### Problem to solve
In the listing that follows, find the line with "Measuring and inspection", then copy exactly from it through the line with "Supporters of ex-Pak", leaving out every picture.

### Data to examine
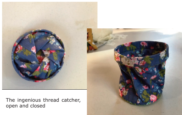
The ingenious thread catcher, open and closed

Carlbeck Christmas Craft Fair: Saturday 10 November, starting at 10am. This is your opportunity to browse a wide array of high quality original and individual crafts which make unique Christmas presents; while there you can also partake of the usual tasty home-made refreshments and do remember to buy a ticket for the super raffle which always includes crafts made at Carlbeck. Come along and sort out your Christmas present list early.
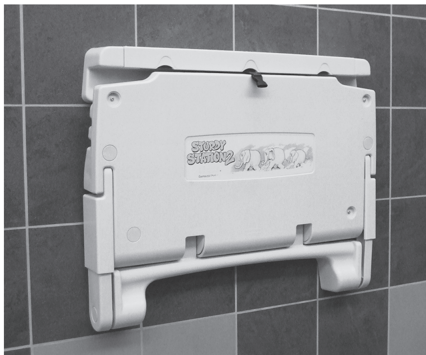
Figure 1 – Diaper changing table—folded.

Should the diaper changing station be located in the family-assisted use bathroom? While not required in a family assisted-use bathroom, the intent of this type of facility is to offer everyone who needs assistance to
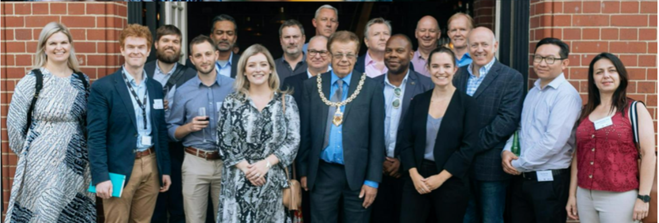
Image: Welcome drinks for a previous Wayra/NCSC cohort.
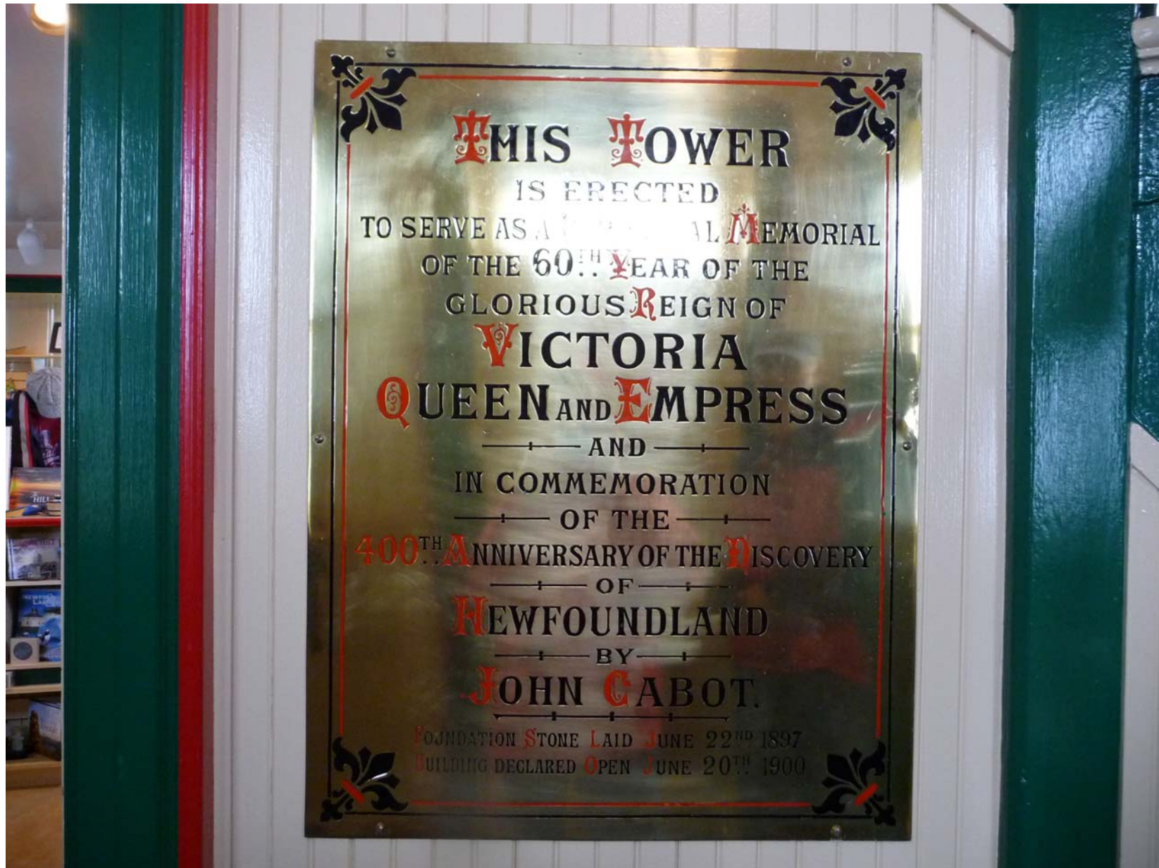
Historic inscription located in the Signal Hill tower.
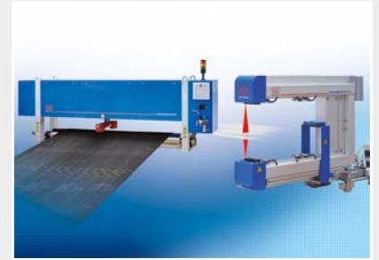
Measuring and inspection systems for metal strips, plastics and rubber
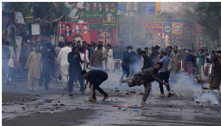
Supporters of ex-Pak PM Imran Khan throw stones during clashes with police in Lahore on Tuesday.

Soon after his speech, protests broke out in Islamabad, Peshawar, Karachi, Faisalabad, Sargodha, Vehari, Peshawar, Quetta, and Mianwali. Khan has been in the crosshairs for buying gifts, including an expensive Graff wristwatch he had received as the premier at a discounted price from the state depository called Toshakhana and selling them for profit.
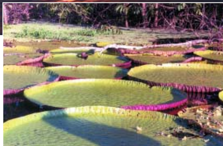
One of the most exciting moments of the trip was finding a Victoria leaf measuring 81 inches.

Throughout our excursions, we discovered wildlife such as the reptilian caiman, the yellow rumped cacique birds that build long, swallow-like nests in colonies along the river, hummingbird-sized tarantulas, brilliantly colored parrots, and leaf cutter ants, most of these seen only before on the Discovery Channel.
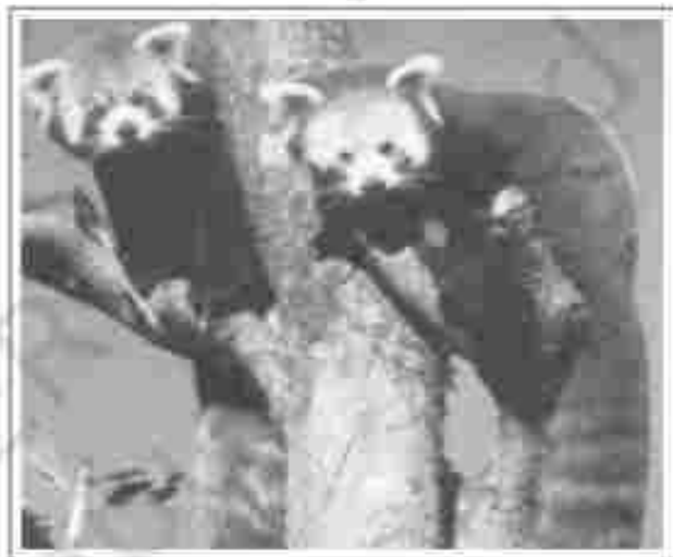
Figure 14.2 : Red Panda — an endangered species

It includes those species which are in danger of extinction. The IUCN publishes information about endangered species world-wide as the Red List of threatened species:
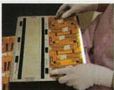
PCB on Tacsil
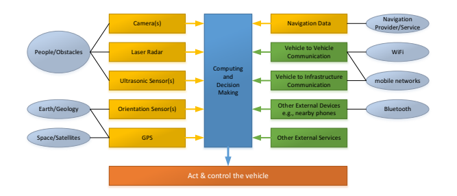
Figure 2: Abstract representation of decision making in autonomous vehicles composed from various sources (cf. [17, 23, 43, 54, 57, 59, 61])

Depending on the technology and the amount of sensors, the type and quality of information that is gathered differs. This extremely complex process might be difficult to imagine and in order to give an idea of what self-driving cars "see" we refer to the visualization shown in [58] presented by Waymo [59]. It is based on the data gathered by multiple sensors installed in the self-driving car, including a laser radar (LIDAR) mounted on the top of the vehicle. Algorithms detect patterns in the data and calculate positions and
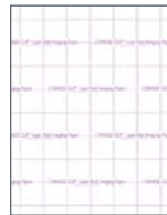
Imaging Sheet Laser Dark
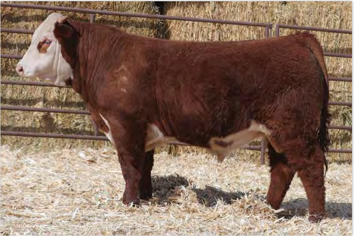
LOT 9 - JCS HOMEBREW 0761
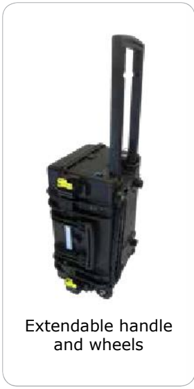
Extendable handle and wheels
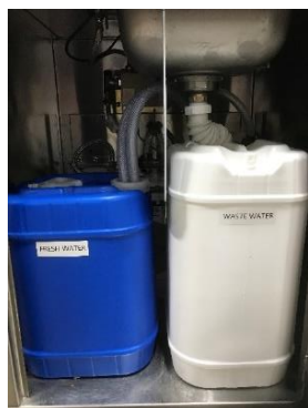
Internal Cabinet View

Clean and Care Manual (PDF) Installation Instructions (PDF) Warranty (PDF)
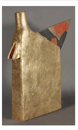
Title: Flame Gas Can Date: 1982 Primary Maker: Rick Dillingham Medium: reassembled, kiln fired clay with slips, glazes and metallic leaf
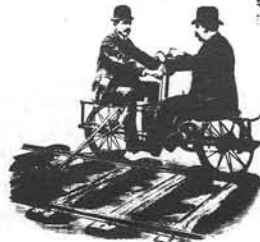
Are we coming or going?

You say that you can't be a good member of an organization which is "ignoring a person who was one of the beginners back in 1927." I really don't follow you. Last year you and I had a nice conversation and you invited me up to Mayfield "next time I was in the neighborhood." I have not yet fulfilled that invitation because of not being in your area recently. But who is ignoring whom? You seemed to be in a conversation with many of the members at that convention. I did not observe any ignoring, and I fail
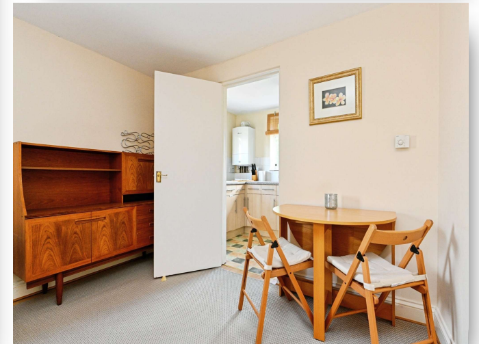
Breckland House, Church Road, Downham Market, PE38 9LE
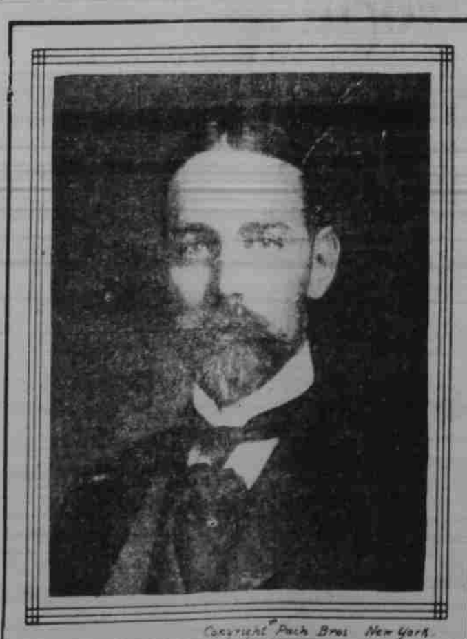
Beekman Winthrop, Governor of Porto Rico.
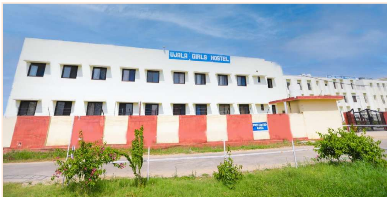
UJALA Girls Hostel
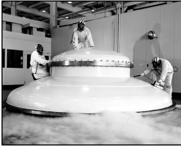
Scientists look at Gozer ship

The Riot! has learned that visitors from space landed in Boise, Idaho on March 22nd. They landed in a potato field next to offices where self-advocates
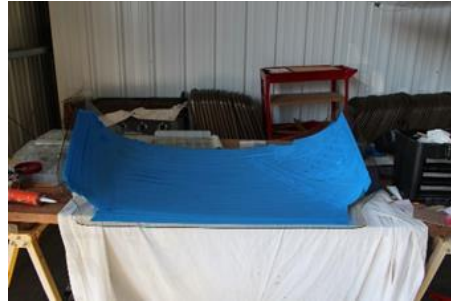
Prepping the window
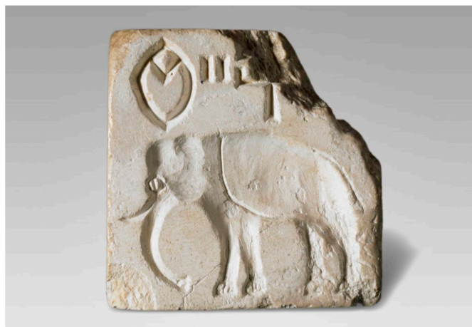
Figure 1. Stamp seal from the Indus Valley (BM reg. no 1947,0416.5); steatite; Mohenjo-daro, Pakistan; ca. 2600–1900 BCE. [Image courtesy of the Trustees of the British Museum, London].

expressed, for instance, on a steatite seal stamp from Mohenjo-daro, Pakistan (Figure 1). 19 After the Battle at Gaugamela, Alexander's general Parmenion captured the elephants from the Persian camp, along with their baggage, chariots, and camels. 20 As the Macedonian army advanced towards Susiana, Abulites, the satrap (provincial governor) of Susa, opened the city gates to Alexander's troops and offered 12 more elephants. 21

### Answer below
Measuring and inspection systems for metal strips, plastics and rubber
Supporters of ex-Pak PM Imran Khan throw stones during clashes with police in Lahore on Tuesday.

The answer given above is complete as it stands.